Why I can’t even be a C-E Christian

I’m not particularly religious. But a lot of people who aren’t particularly religious still trot themselves into church on Christmas and Easter…which happens to be today. People who only go to church on Christmas and Easter are dubbed “C-E Christians.”

I remember when I was a kid that I loved Easter. I loved my Easter basket. I REALLY loved rabbits like the Easter Bunny and the Cadbury Bunny…to the point where I eventually had a couple as pets. I never understood what all of that had to do with the stuff they taught me at church regarding Easter, but hey it was fun and there was candy.

Back then I never gave a lot of thought to it all. As I got older I found out that the Easter Bunny wasn’t real…it was kind of like finding out Santa Claus isn’t real. A rabbit could never deliver baskets to all the Christian children in the world in one night. Besides, how would he even get into the house?

And yet, even as I got older, I had no trouble believing an equally implausible story about how a man could be executed by the most cruel and torturous method ever invented on Friday and then walk out of his tomb (rolling a stone away) on Sunday morning. After all, all of the adults I knew claimed to believe it. It was not just a miracle but it was THE miracle that saved us from the eternal torment we deserved.

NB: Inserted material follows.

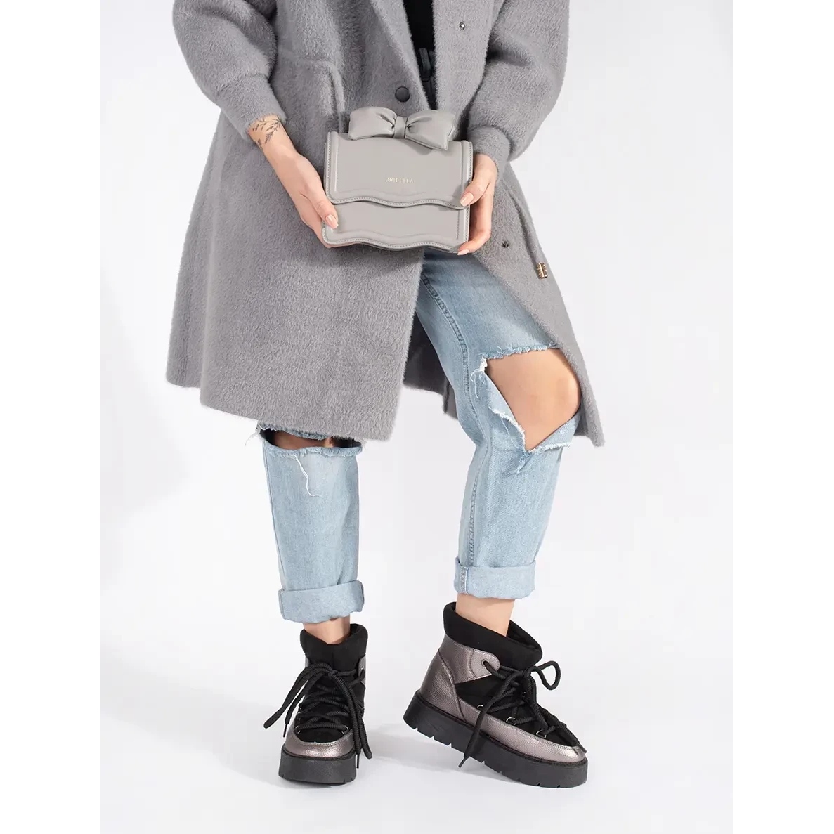 Entdecken Sie einen einzigartigen Komfort und Stil, der schwarze und silberne Schnürschnee-Stiefel auf eine dicke Sohle bringt. Diese modischen Schuhe, die von einer seriösen Marke produziert werden, sind die perfekte Lösung für kalte Tage in der Herbst- und Wintersaison. Sie bestehen aus Bio -Leder mit einem textilen Interieur und bieten einen hervorragenden Schutz vor Kälte und kümmern sich beim Tragen um den Komfort.

When I got to college, I learned some disturbing facts about the Jesus story. I had always heard that the Christians had placed the holiday of Easter at a particular time in order to supplant pagan fertility rituals usually celebrated around the same time..

But what I did not realize was that so many details of Jesus’s life — the virgin birth and the resurrection in particular — were unoriginal. The story of Jesus mirrors many stories that came hundreds of years before him…and it would make complete sense for someone interested in gaining a new convert in the pagan world to merely tack on these stories to the real life story of Jesus in order to make it more palatable for pagans.

During the period of the Roman Empire, history was simply not written the way we think of it today. There were no pure biographies…only legends and folklore that were intertwined with facts. It was even more true with religious texts. We can learn a lot about ancient history from these documents, but to suggest that they represent history in the same way that a biographer or historian would write history today ignores their context.

Imagine someone from the future picking up a copy of Major League and thinking of it as a documentary about baseball. It was a comedic farce and never intended to be an historical film…even though there really was a baseball team called the Cleveland Indians.

Resurrection in the ancient world was a symbol for the new fertility that came with each spring. It turns out the rabbit and the eggs are more closely aligned with the original meaning of Easter than the stories about Jesus are.

Indeed, these two stories of virgin birth and resurrection that comprise Christmas and Easter are the two most ridiculous stories in all of Christianity.

The last time I attended church, it was on Christmas Eve of 2005. I thought it was a nice tradition. It was my idea. However, once I got there, all I could feel was anger at the myths that these leaders were spreading and reinforcing as if they were historical facts. The same thing happens at Easter, and that is precisely why I cannot attend anymore.